Pledge of Allegiance Controversy

 

After the ballots were tabulated, there were 1,400 votes in favor of Kroncke’s resignation and nine against. The nine included Kroncke himself, one entire family, three anonymous individuals, two people from outside Madison, and ‘Kaiser Wilhelm.’

During World War I Volney G. Barnes, principal of Madison High School, addressed the student body at a school assembly on the subject of loyalty, then asked “every boy and girl who feels in their heart that he or she can support the government of the United States to please rise, salute the flag, and repeat the pledge to the flag.” All the students did.

George Kroncke, president of the school board, was a prominent German-American in a town with a large number of citizens of German descent. Two days after the school assembly, Kroncke called on Barnes, “paced up and down the room, rapped on the desk and said ‘that the thing must not be repeated, that he decidedly objected to it because it forced some to declare allegiance in contradiction to conviction or suffer embarrassment by refusal.’”

Barnes took his case to the newspapers. Petitions and editorials promptly appeared, calling for Kroncke’s resignation. Said the editor of the Wisconsin State Journal: “Anybody who would for one second question the propriety of the children of free-born Americans in the free schools of the capital of a great American commonwealth saluting the American flag is absolutely unfit to be on the governing board of American free schools.”

The Wisconsin State Journal placed a mail-in ballot in the paper, asking whether Kroncke should resign or keep his job. After the ballots were tabulated, there were 1,400 votes in favor of Kroncke’s resignation and nine against. The nine included Kroncke himself, one entire family, three anonymous individuals, two people from outside Madison, and ‘Kaiser Wilhelm.’

In an oral history tape transcribed by Lucille Miller, she recounted another series of incidents.

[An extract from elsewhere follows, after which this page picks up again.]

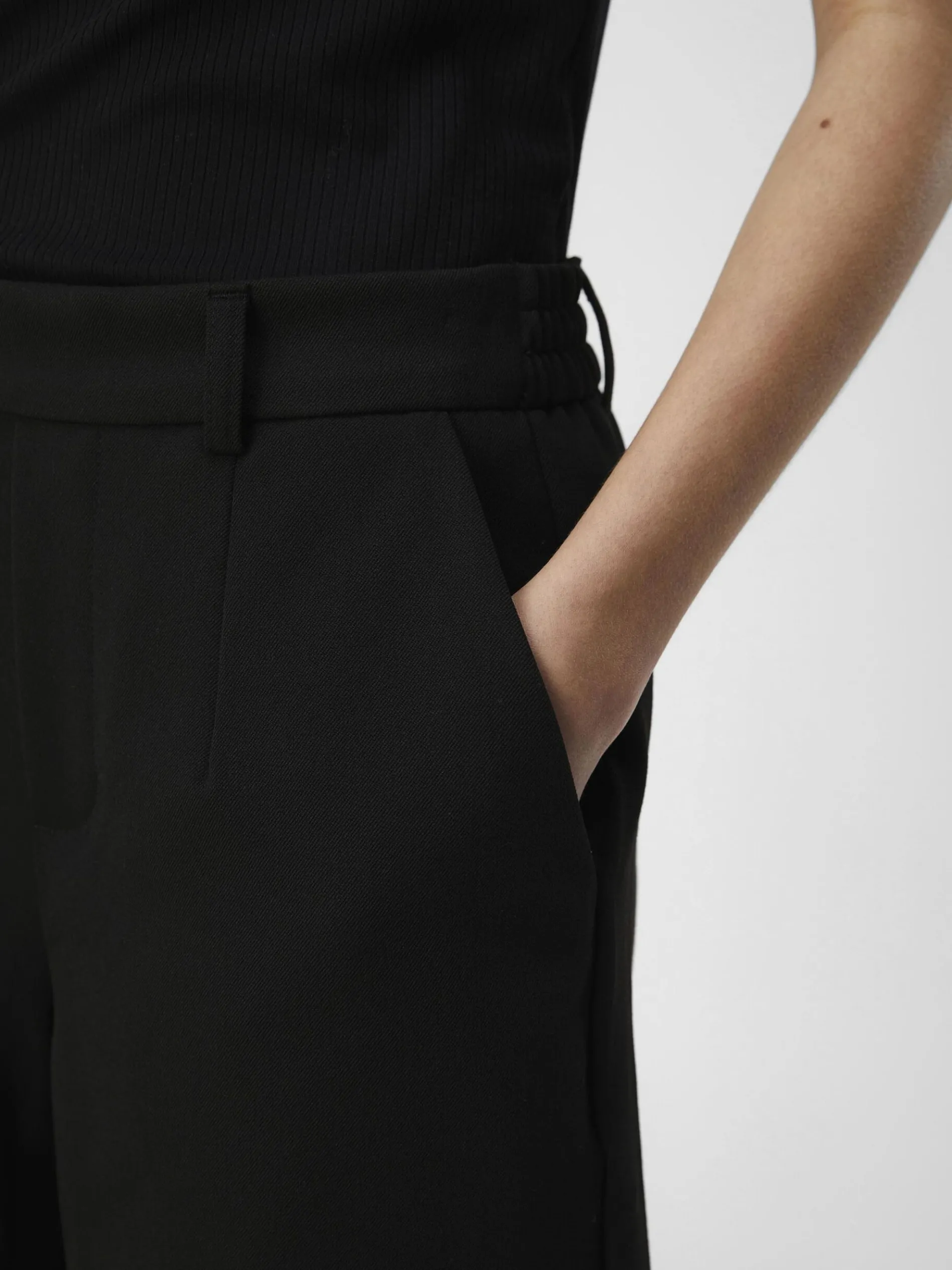 – Normale taille met elastische achterkant- Riemlussen- Decoratieve sluiting- Stikseldetail- Zakken in zijnaden- Opgestikte achterzakken- Stikseldetails op de randen- Regular fit- Gemaakt met duurzamere stoffen- Model draagt maat 36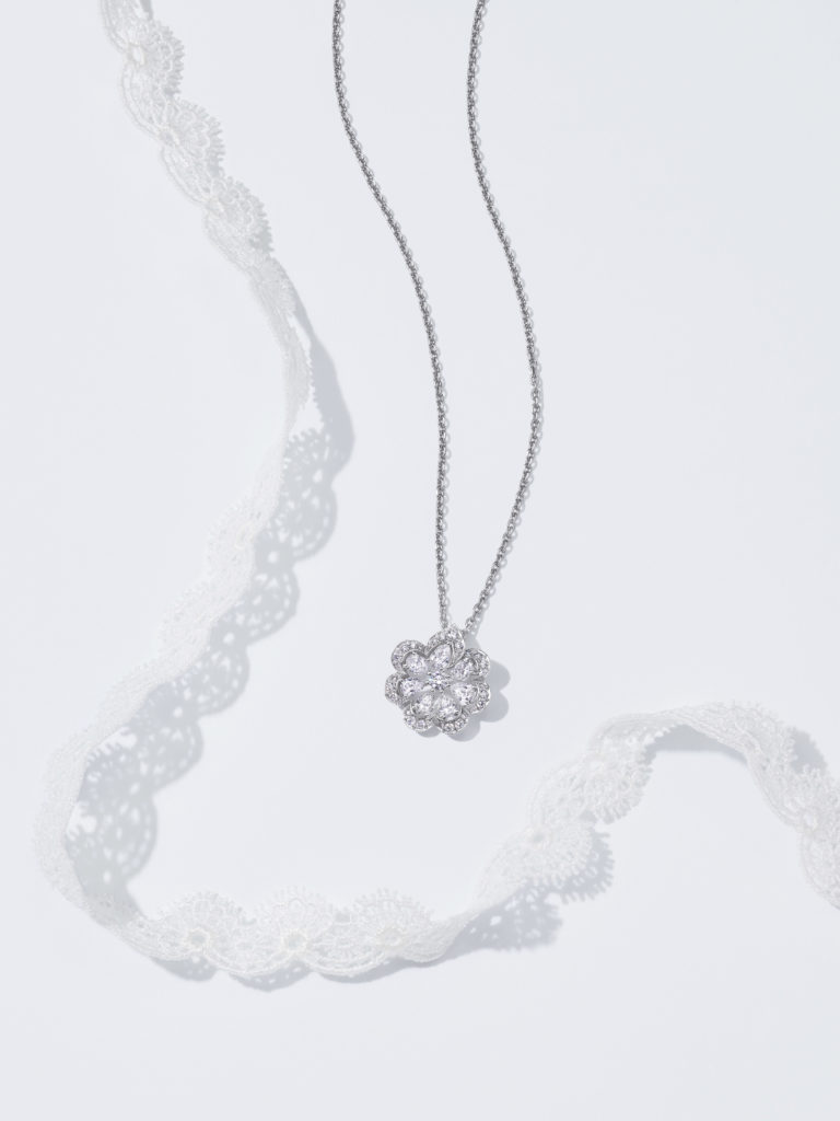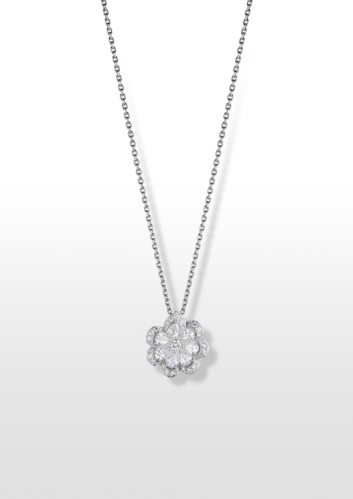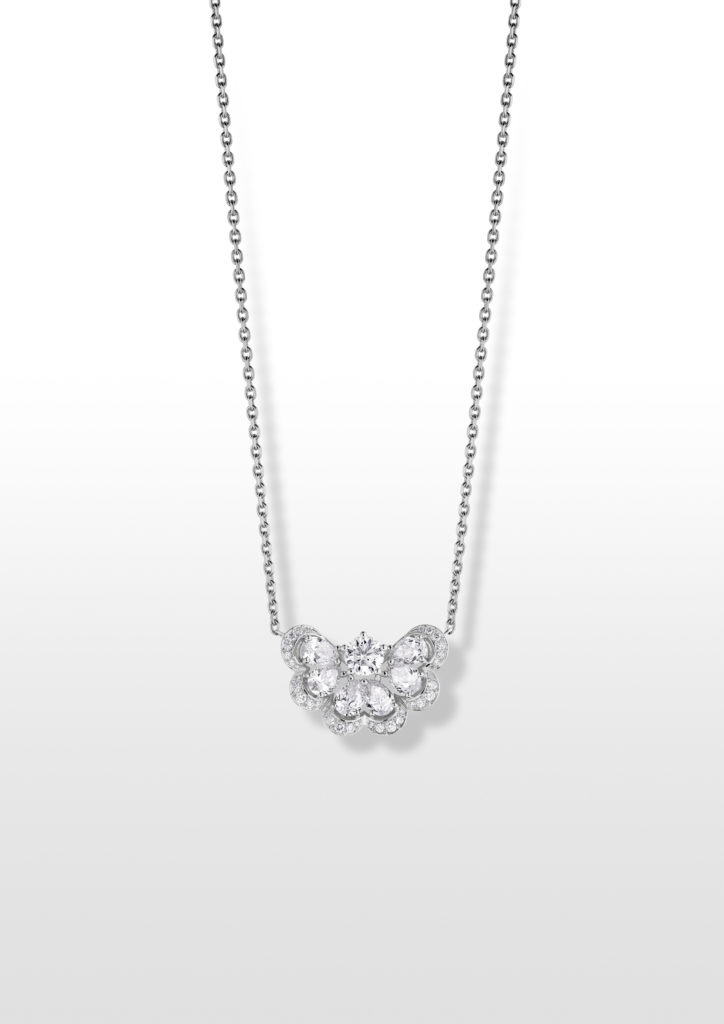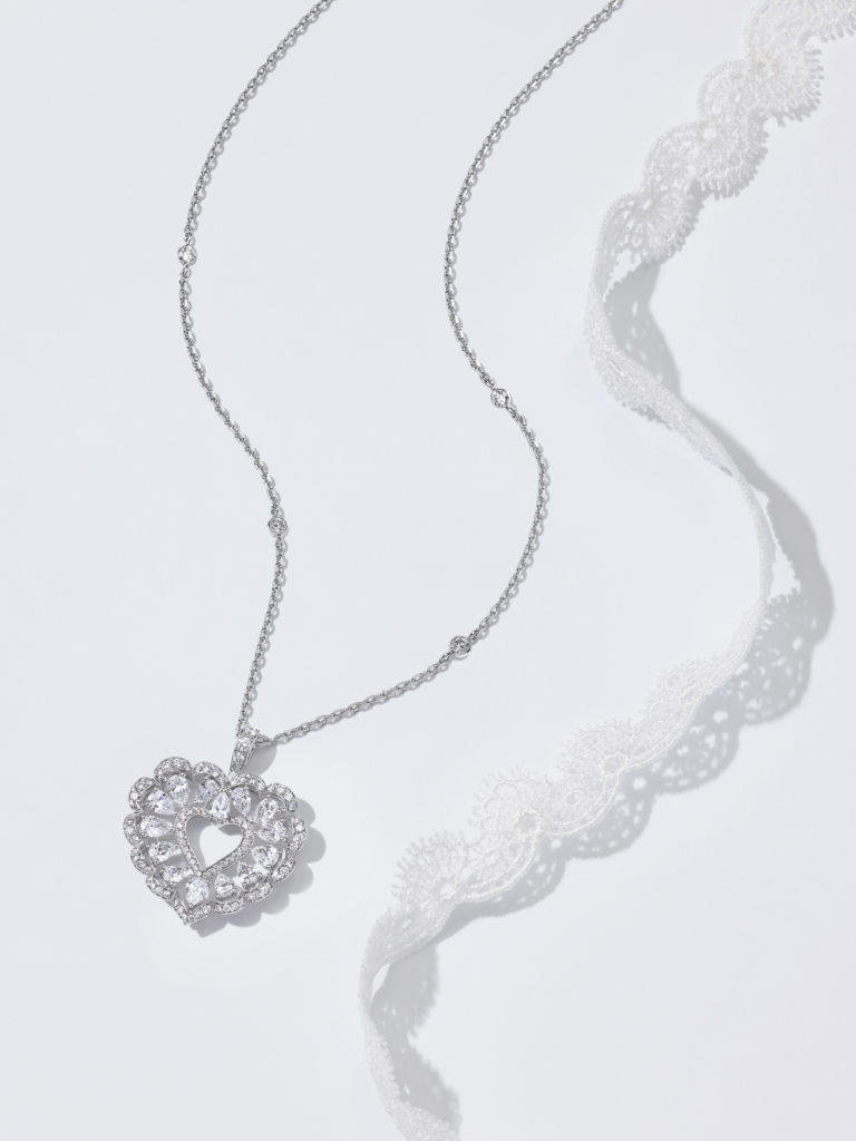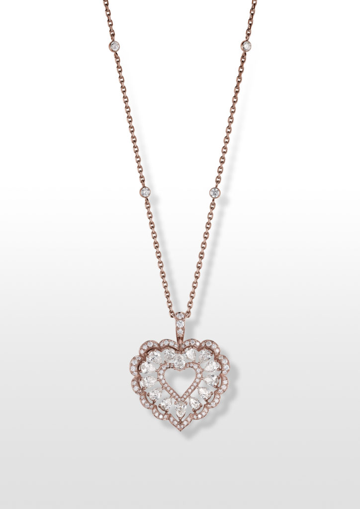 Leurs motifs font écho aux motifs floraux, aux arabesques, aux ondoiements et aux bords festonnés des fines dentelles d’autrefois. Le motif central de la collection Precious Lace – une volute rythmée et ondulante en or sertie de diamants, entourant une ligne déroulante de diamants taille poire – est maintenant miniaturisé à travers quatre dessins. Le premier, en « Vague », avec ses proportions évoquant les rouleaux d’écume se formant sur la mer, se décline en une paire de boucles d’oreilles, un pendentif et une bague. Le motif de fleur stylisée, appelé « Mini-Froufrou », avec ses bordures festonnées et ses pétales de diamant taille poire sur un fond ajouré, est travaillé en bague, en boucles d’oreilles, en pendentif et en un bracelet jonc. Un fleuron semi-circulaire de style similaire devient un pendentif et une chaîne de cou, des boucles d’oreilles et une bague dits « Nuage ». Enfin, Chopard offre à son iconique pendentif « Cœur » le traitement Precious Lace, dans deux choix de taille.

“I was in seventh grade (at Lincoln School) in World War I, and you know Mr. La Follette, his family was against World War I. We had Mrs. Eagan. She was the patriot. She had the kids doing everything. We bought stamps and we did all kinds of things. Red Cross and all. Well, I didn’t do any of it. I refused to do it because I wasn’t for the war. I maybe couldn’t explain it, but I wasn’t supporting war. Period. I didn’t do any of it. Well, when it came time to finish seventh grade, they said I hadn’t finished it. In the summertime we always went to the country. That meant every morning I had to get up and go to summer school. Then I went in eighth grade and when it came time to graduate they said I hadn’t finished (because I hadn’t done the war project). But Momma and Daddy decided I had. So they went to Mr. Dudgeon (the superintendent of schools). He studied it and he decided I had finished eighth grade.”